Rytuał improwizacji, która wyrasta z gęstej ciszy, zaczyna się pojedynczymi westchnieniami saksofonu tenorowego i delikatnymi uderzeniami w metaliczny stelaż. Narracja na starcie budowana jest z drobiazgów, czasami ochłapów dźwięków, wydzieranych z samych trzewi zastanego instrumentarium. Bywa, że ten typ plecenia strumienia dźwiękowego przypomina duetowe nagrania Paula Lyttona i Evana Parkera z początków lat 70. ubiegłego stulecia, ale tu, w okolicznościach poznańskiej piwnicy, pozbawione elektroakustycznych wtrętów. Saksofon klei z urywanych, ale zrównoważonych emocjonalnie fraz spójną opowieść, a wszechświat metali nieszlachetnych kreuje nad wyraz egzotyczny ceremoniał dźwiękowy.
Muzykom przyświeca idea minimalizmu i skrupulatności.
Wnętrze swojej narracji zdają się sycić pewną, jakże metafizyczną w tym wypadku,
dawką dynamiki. Chętnie sięgają po ciszę, która wyznacza kolejne interwały
improwizacji, równie chętnie po inne zdobycze artystyczne gatunku zwanego free improvised music. Barwią
improwizację incydentalnymi salwami ekspresji (ta pierwsza w okolicach 5-6 minuty),
które z uwagi na rzadkość występowania smakują tu jeszcze dosadniej. W tej
opowieści liczy się każdy szczegół, najdrobniejszy niuans dramaturgiczny.

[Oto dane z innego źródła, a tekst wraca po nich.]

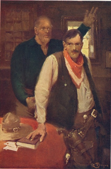 The ranch owner was sitting on the side of the stretcher, and Jim Thorpe, his foreman, stood leaning against the table. McLagan’s Irish face, his squat figure and powerful head were a combination suggesting tremendous energy and determination, rather than any great mental power, and in this he strongly contrasted with the refined, thoughtful face of his foreman.
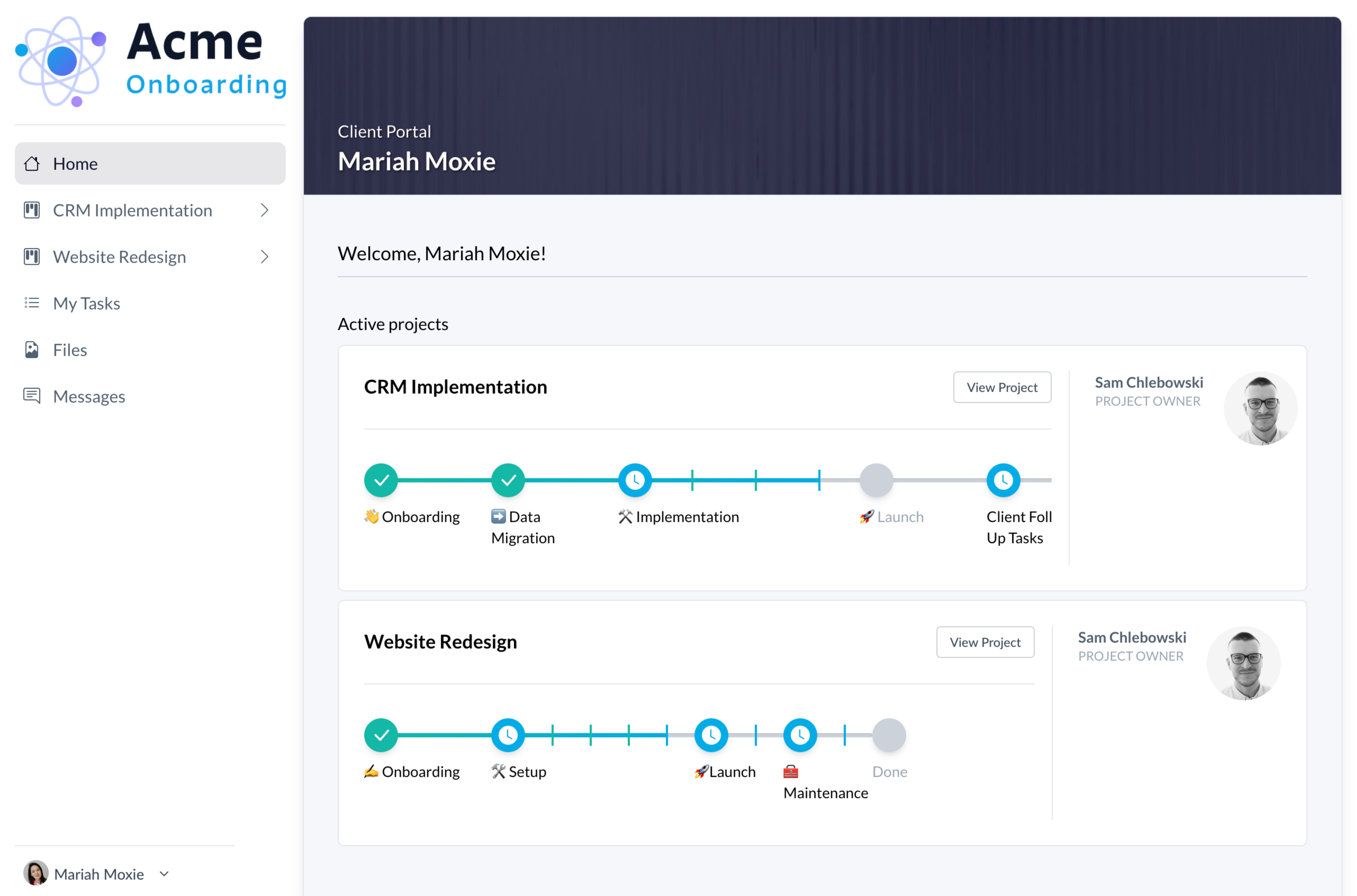 Clients land in their portal and immediately know what to do next. Tasks, progress, and updates are all surfaced exactly where they need to be.
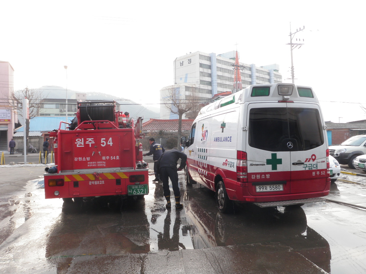 문막119안전센터(센터장 전인덕)에서는 금일 청사 내 환경정비와 소방차량 세척을 실시했습니다. 오랜 한파가 끝나고 날씨가 풀려 그동안 고생한 펌프차들을 깨끗하게 세차하고 차고 및 청사 주변을 청소했습니다. 벌써부터 봄이 온 것만 같습니다.~~ ^^

Choćby ten, gdy saksofon zaczyna prezentować swoje hydrauliczne atrybuty, a gar-kuchnia tuż obok ściele mu akustyczny
dywan do zmysłowych medytacji. Po 10 minucie płynny potok narracji Jońca i
Giżyckiego śmiało możemy już określić mianem mantry, która zdaje się nie mieć
końca. Wiatr kołysze jej dźwiękami i pcha w nieznanym, ale pięknym kierunku, a jej
drobne wzniesienie zdobią cyrkulacyjne oddechy dobrze już rozgrzanego instrumentu
dętego.
W drugiej improwizacji pojawia się klarnet basowy, który
lepi drony z gęstej ciszy w blasku martwych talerzy. Muzycy, boleśnie skupieni,
szukają drogi na drugą stronę rzeki. Metaliczne rozkołysanie post-, a może
pre-perkusjonalii syci atmosferę nagrania niebywałym kolorytem. Klarnet wpada w
medytacyjną repetycję, niemal śpiewa, cedzi frazy przez wyszczerbione
uzębienie, śmiertelnie oddycha. Beauty
headphones music!
Początek kolejnej części albumu wyznacza mechanika saksofonu
i drżącego metalu. Drobne frazy budują gęstą sieć powiązań. Po kilku głębszych
oddechach dęciak z mikro fraz kreśli
smukle, dronowe fale, po czym gaśnie w mroku ciszy. Wszystko zaczyna tu rezonować
- instrumenty, dwa ludzkie ciała i głucha przestrzeń. Tworzy się chmura dark ambientu, która oblepia wszystko i ciągnie
improwizację w nieznanym kierunku. Tymczasem saksofon kreuje coraz dłuższe frazy,
a metaliczny stelaż oplata go niczym stonogi pajęczak. Jego błyszczące
uderzenia zdają się trafiać w samo serce narracji. Cyrkulacyjne drony zaczynają
sięgać nieba, po drodze napotykając na kolejne kaskady ciszy. Pętla narracji
zaciska się jednak na saksofonowym ustniku i prowadzi na ekstatyczny finał.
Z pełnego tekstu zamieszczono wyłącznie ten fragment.